-- Exercise prompt --
I'd like every line from the material below that has "Project" in it.

-- Task input --
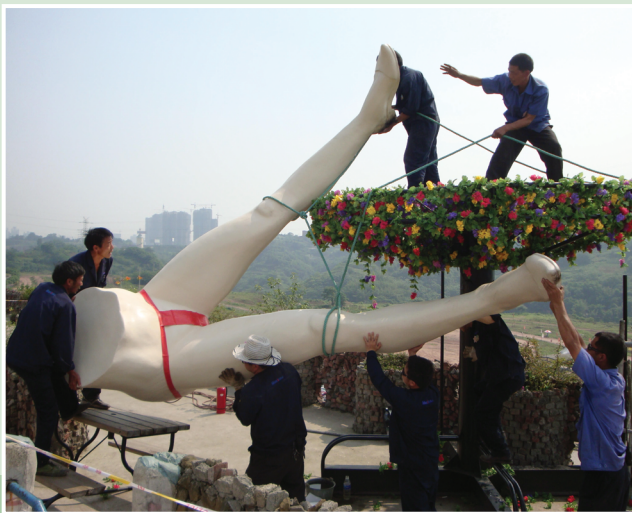
Love Land. Workers pull down the bottom half of a giant female mannequin that would have towered over the entrance to the sex theme park.
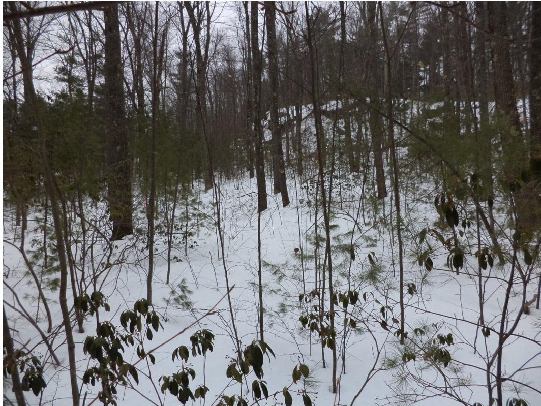
A. 85 year-old red oaks with good white pine and hardwood regeneration at base of ledge outcrop in northern part of sale area.
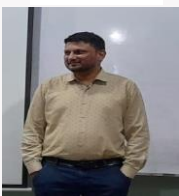
Associate Chair Membership
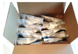
14 bags in a case

Mix flavours okay, call us today to place your order!
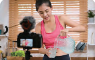
Self Media/Vlog Live
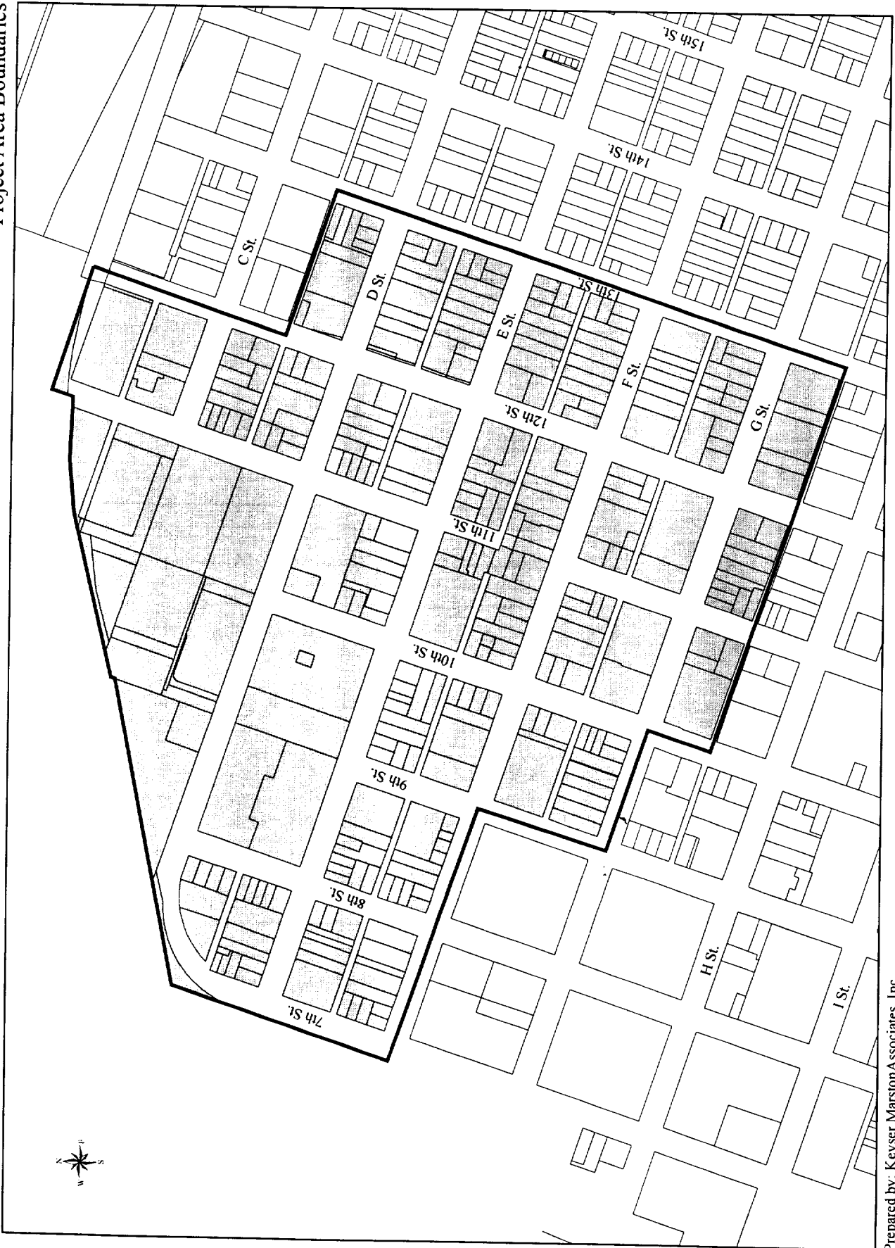
MAP 1 Project Area Boundaries

Sacramento Redevelopment Agency Alkali Flat Redevelopment Project

-- Exercise answer --
MAP 1 Project Area Boundaries
Sacramento Redevelopment Agency Alkali Flat Redevelopment Project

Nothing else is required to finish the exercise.